巨人は6日の広島戦(マツダ)に2―1で逆転勝ちし、首位をキープして対戦成績を1勝1敗の五分に戻した。ただ、勝負はまさに紙一重だった。3年ぶりに三塁コーチャーに〝復帰〟した元木大介ヘッド兼オフェンスチーフコーチ(50)の判断で、本塁に突入した中田翔内野手(32)が憤死。その後の原辰徳監督(63)の報道陣への対応を含め、本紙専属評論家の大下剛史氏が見たものは――。 

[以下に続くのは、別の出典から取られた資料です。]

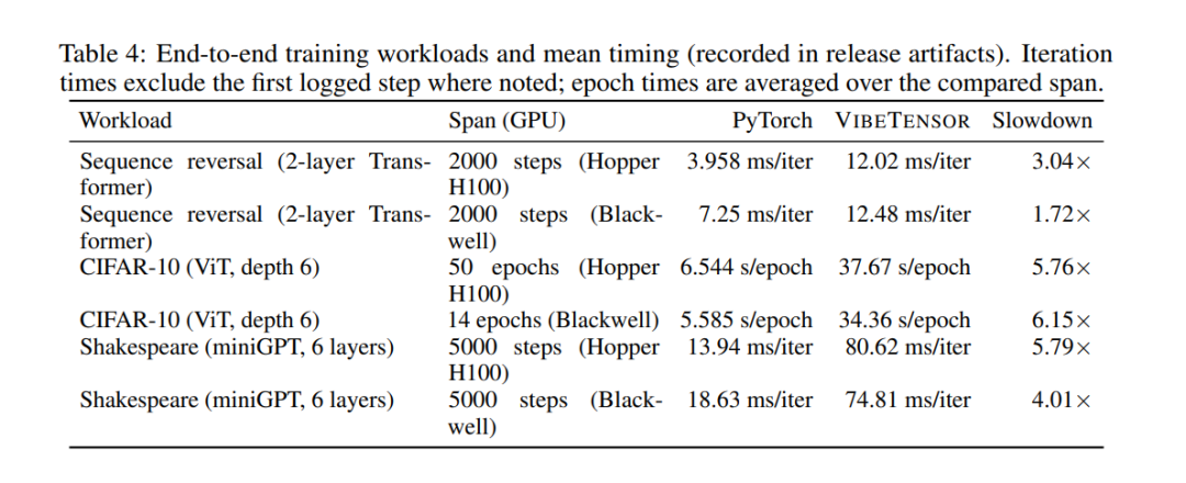 需要强调的是,作者非常克制:他们反复声明VibeTensor性能明显落后PyTorch,也不适合生产环境。
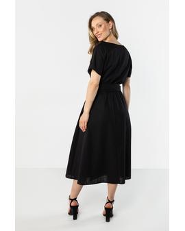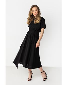 Lniana sukienka midi z wiązaniem w talii

 ひと振りで試合をひっくり返した。1点を追う8回に吉川が「奇跡!」と振り返った今季1号2ランで逆転し、9回はドラ1守護神・大勢がわずか7球で料理。無傷の7セーブ目を挙げ、1978年に角三男が記録した球団新人最多記録に並んだ。

 吉川の一発ですべてを帳消しにしたが、劣勢ムードに拍車をかけかねなかったのが7回の攻撃だった。6回までゼロ行進で、わずか1安打に封じられた広島先発・床田から中田が左前打で出塁。一死一塁から次打者の丸が放った打球は、右中間を破る長打コースとなった。中田は二塁ベースを回って激走。すると、三塁コーチャーの元木ヘッドは腕を回して本塁突入を指示した。中田は頭から突っ込んだが、リクエストの結果、判定通りアウトになった。

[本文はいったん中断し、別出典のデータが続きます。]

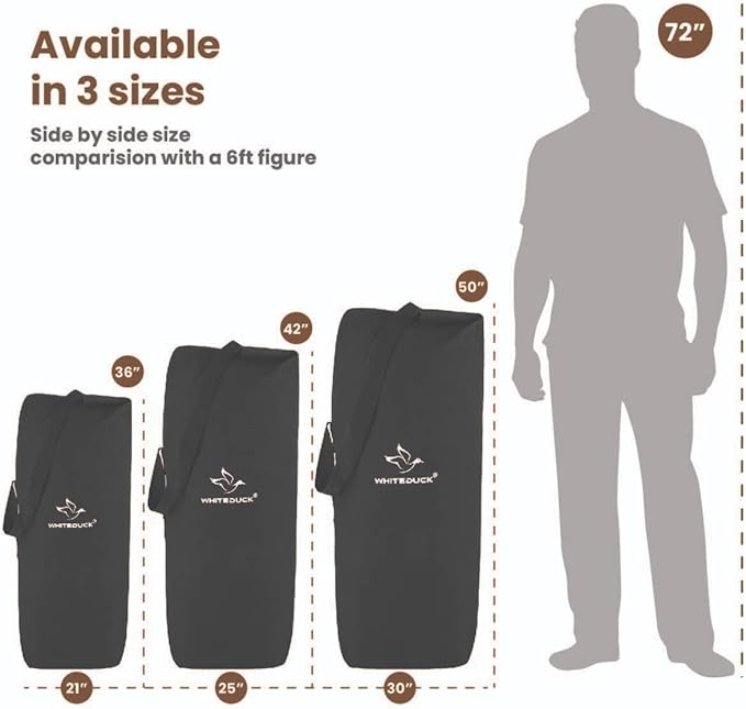 - 【Available in 3 Sizes & 5 Colors】Choose from 3 sizes: Standard Size: 36" x 10" x 10", 36" (Height) x 10" (Base Width) x 10" (Depth) | 21" Flat Width (59L), Large Size: 42" x 12" x 12", 42" (Height) x 12" (Base Width) x 12" (Depth) | 25" Flat Width(99L), and Extra Large Size: 50" x 15" x 15", 50" (Height) x 15" (Base Width) x 15" (Depth) | 30" Flat Width (184L), offering ample space for any gear or equipment. Whether you need an extra large duffle bag for travel or a mid-sized bag for daily use.

 このシーンについて、大下氏は「三塁コーチャーに求められるのは瞬時の判断。難しい局面だったことは間違いない」と前置きした上で「巨人打線が打ちあぐねたとはいえ、あそこは中田の走力を考えても回すべきではなかっただろう。次打者は長打を期待できるウィーラー。中田を止めて一死二、三塁とし、犠牲フライでも同点が見込める場面だった。なかなか得点できず、カッカしている中でもどこかに冷静な判断が必要だ」とした。

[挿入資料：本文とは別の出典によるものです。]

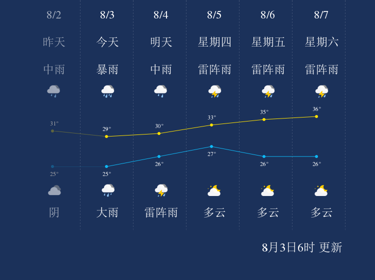 中国天气网讯 今天是8月3日星期二,一起来看天气。

 ただ、大下氏が目を見張ったのはその後の原監督の対応だった。チームが勝利したこともあったかもしれないが、試合後の指揮官は報道陣に対し、元木ヘッドについて言及することは一切なかった。

 大下氏は「もし原監督がメディアの前であの判断について否定的なことを言えば、元木ヘッドは次から瞬時の判断に迷いが出ていたはずだ。私も広島のコーチ時代に同じようなことがあったが、監督が『任せた』とした以上、言ってはいけないこと。原監督と元木ヘッドは年齢差もあるものの、信頼関係が揺らいでいた可能性もあった」と語った。

 原監督は開幕2連勝を飾った先発メルセデスと決勝弾の吉川、大勢の奮闘をたたえ「今日はナイスゲームです」と締めた。首位を走る熟練指揮官の〝器の大きさ〟を改めて感じ取る一戦となったようだ。